In short sales, the bank allows homeowners to sell their homes for less than what they owe on the mortgage. This affects the homeowners’ credit less than if the home went into foreclosure. In turn, the bank generally gets 30 percent more for the house sold in a short sale as opposed to a foreclosure.
It may sound like a win-win solution, but it is much more complex than that.
Lawrence Duthler and Thomas Cronkright II, practicing attorneys who also own Sun Title, have launched a new company, Sun Law, to work with homeowners, realtors and lenders to assist them with short sales.
Short sales have become popular relatively quickly and have caught some realtors and lenders off guard. Lenders have had to adjust their staff to handle an influx of short sale properties, and realtors have had to move beyond their comfort zone of simply marketing and selling homes. Because short sales have risen so quickly, the middle ground between sellers, lenders and realtors has become congested with “mortgage negotiators,” who attempt to balance the perspectives from all three parties to get a short sale done in a timely manner.
Duthler warned there have been problems with short sales.
“Before, you had middlemen trying to negotiate these short sales. In the next wave, you had third parties come in and try to assist realtors with negotiating the short sales: contacting the lender, trying to get the lender to take less,” he said. “The problem was these folks were not very effective. It was very challenging for them to get paid, because every dollar that came out of the closing was less money to the lender.”
Duthler said lenders were reluctant to pay the third-party negotiators, and as a result, fees were taken out of the realtor’s commission or the cost was passed along to the buyer.

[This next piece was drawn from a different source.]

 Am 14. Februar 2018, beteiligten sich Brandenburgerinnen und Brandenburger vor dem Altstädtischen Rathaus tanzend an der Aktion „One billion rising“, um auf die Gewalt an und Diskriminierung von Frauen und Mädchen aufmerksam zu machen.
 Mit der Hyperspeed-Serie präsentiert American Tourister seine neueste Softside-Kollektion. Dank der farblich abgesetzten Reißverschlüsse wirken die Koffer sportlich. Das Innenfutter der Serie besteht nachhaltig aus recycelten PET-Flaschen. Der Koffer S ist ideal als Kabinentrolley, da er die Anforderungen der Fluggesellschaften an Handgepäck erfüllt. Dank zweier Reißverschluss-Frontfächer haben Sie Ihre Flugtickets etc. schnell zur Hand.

In addition, even though the lender agrees to allow the homeowner to sell the home for less than the mortgage, the homeowner is not necessarily relieved of that debt — and some homeowners are caught unaware of this important fact.
“It’s more than getting the bank to accept less than what’s owed. It’s trying to get the release (for the homeowner) from those deficiencies. You’ve got the mortgage and you’ve got the promissory note. The bank might release the mortgage, but not release the debt,” said Duthler.

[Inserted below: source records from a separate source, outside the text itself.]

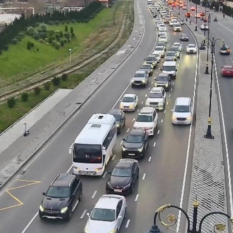 Bakının bir sıra yollarında nəqliyyatın sıxlığı müşahidə olunur.
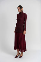 Luum Rose Burgandy Maxi Skirt with Chiffon Pleats
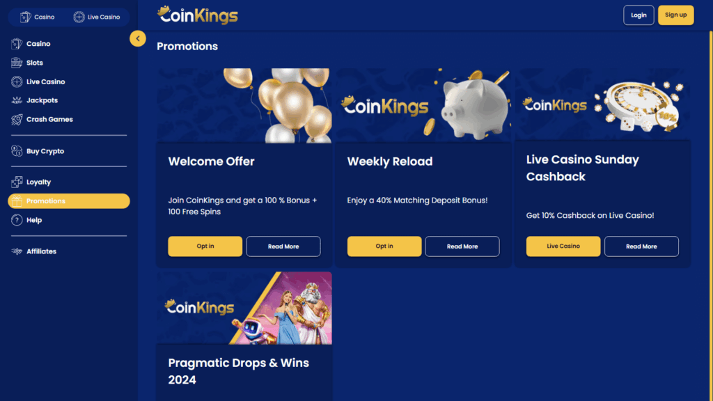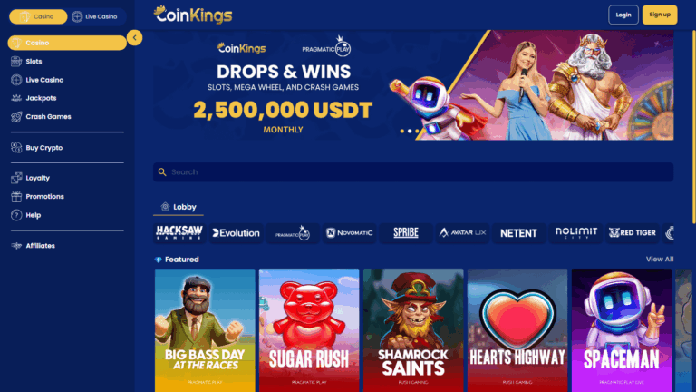 CoinKings – онлайн-казино, ориентированное на игроков, предпочитающих современные платежные методы и широкий выбор игр от ведущих провайдеров, с акцентом на честность и надежную поддержку.

“This is what the lender is concerned about,” added Conkright. “They want the homeowner educated in this process. The marketing and the selling of the home is the easy part. It’s what is happening if there is a shortfall in what (the bank) is owed,” he said. “I think there are some surprises coming down the road if the bank chooses to collect on that shortfall.”

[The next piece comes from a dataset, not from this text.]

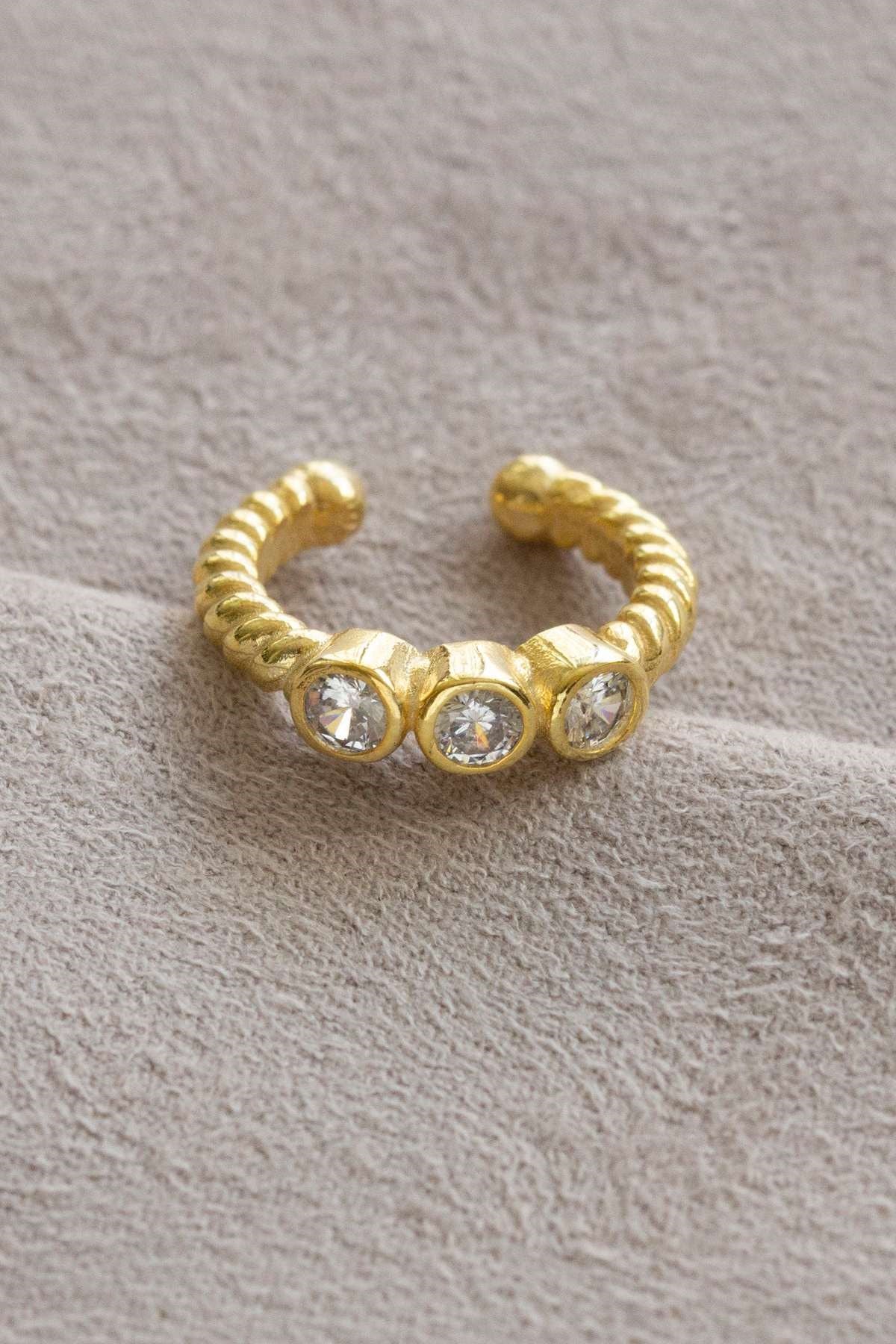 Silver Three Stoness Cartilage Earrings

Cronkright said banks have six years to get a judgment on whether or not to collect, and 10 years to collect.
“There’s so much confusion out there. … Everybody believes that once (the bank) approves the short sale, that this is the end of the matter,” said Cronkright.
Duthler explained the difference between the mortgage and the promissory note: “There are two huge documents you sign when you buy a house. One is the promissory note that says, ‘I borrowed $100,000 and I promise to pay it back.’ The second is the mortgage that says, ‘If I don’t pay it back, I pledge my home as collateral for the debt,’” he said.
“In a lot of these short sales, the bank is willing to release the mortgage, because they know they won’t get as much money from a foreclosure. Step two is, are they releasing the note? And that’s what’s not happening. Folks that are getting experience with this, they see the release of mortgage and think they can walk away. If that note is not released, there’s a real problem.”
Employing a legal firm such as Sun Law helps clear up the confusion and makes the process more efficient for the lender and homeowner. Because of these efficiencies, the lender is usually willing to pay the legal fees. “No retainer, no upfront costs. Sun Law only gets paid if the short sale gets approved and closed, and it comes out of the proceeds that would have gone to the lender,” said Duthler.
Cronkright made clear the reasons lenders are willing to pay to have a law firm involved.
“First, you’re going to have education and formal representation on the part of the homeowner. In turn, you’re going to have realtors outside of what is a very legal area of real estate law and you’re not going to have these third-party negotiators … trying to assist the lenders, as well,” he said.
“What the lender is struggling with is getting the information and the documentation they need when they need to make the decision. They’re chasing down people and documents.”